- Gunjanagar Location in Nepal
- Coordinates: 27°39′N 84°18′E﻿ / ﻿27.65°N 84.30°E
- Country: Nepal
- Province: Bagmati Province
- District: Chitwan District

Population (1991)
- • Total: 11,076
- Time zone: UTC+5:45 (Nepal Time)

= Gunjanagar =

Gunjanagar is a town in Bharatpur, Chitwan in Bagmati Province of southern Nepal. The former Gunjanagar VDC and Saradanagar VDC were merged on 18 May 2014 to form new Chitrawan Municipality, which later was merged with Bharatpur.

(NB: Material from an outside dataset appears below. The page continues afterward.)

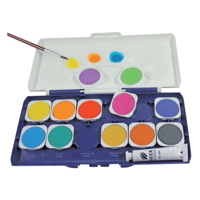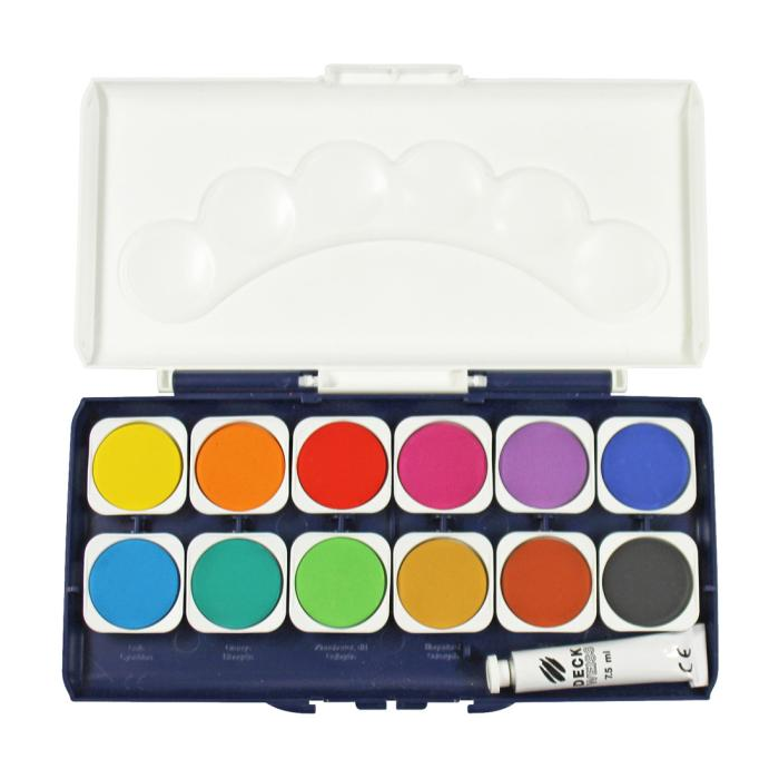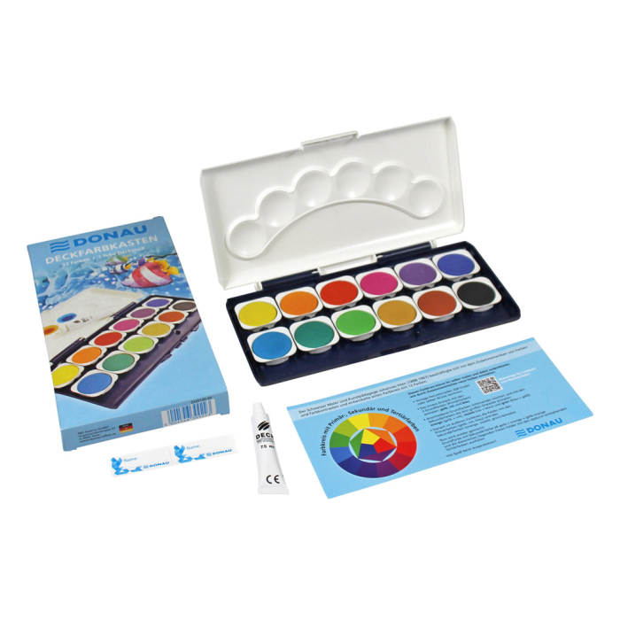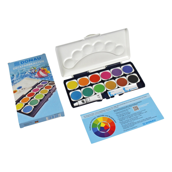 Vodové farby Donau, 12 farieb, vrátane nepriehľadnej bielej. Vyberateľné misky, paleta na miešanie farieb.

At the time of the 1991 Nepal census it had a population of 11,076 people living in 2025 individual households.

It is an agricultural area located in the western part of Chitwan District and is about 161 km southwest of Kathmandu, the capital of Nepal. This village is situated in about 15 km west of Bharatpur Municipality (Mishra PN, Ghimire TR. Intestinal Parasites and Haemoglobin Concentration in the people of two different Areas of Nepal. Journal of Nepal Health Research Council. 2005). It is surrounded by the Sharadanagar VDC in the east, Shukranagar VDC in the south and Dibyanagar VDC in the west and Narayani River in the north (Mishra PN, Ghimire TR. Intestinal Parasites and Haemoglobin Concentration in the people of two different Areas of Nepal. Journal of Nepal Health Research Council 2005). The major schools in Gunjanagar are Gunjanagar Higher Secondary School and Vimnagar Higher Secondary School. Laligurans, Himalayan, Janapratiban are private schools. There is a Sanskrit School in the Ram Mandir area, Gunjanagar ward number 2 nearby Ward Office (Currently Bharatpur Municipality Ward Number 18). Influential politicians of Gunjanagar are Tek Bahadur Ghale, Bishnu Bilas Dhakal, Dilip Kumar (DK) Shahi, and others. The village is ethnically diverse and rich. Bahun (eg, Ghimire), Chhetri, Gurung (eg, Ghale), Tamang (eg, Lama), Newar (eg, Shrestha) are the major groups in the village. Historically, people from Lamjung, Tanahu, and Gorkha came to this village as migrant and permanent residents. Later people from other districts like Syangja, Baglung, Parbat migrated there for a living. Historically, geographically, politically, and economically, Gunjanagar is one of the more important areas in central Nepal.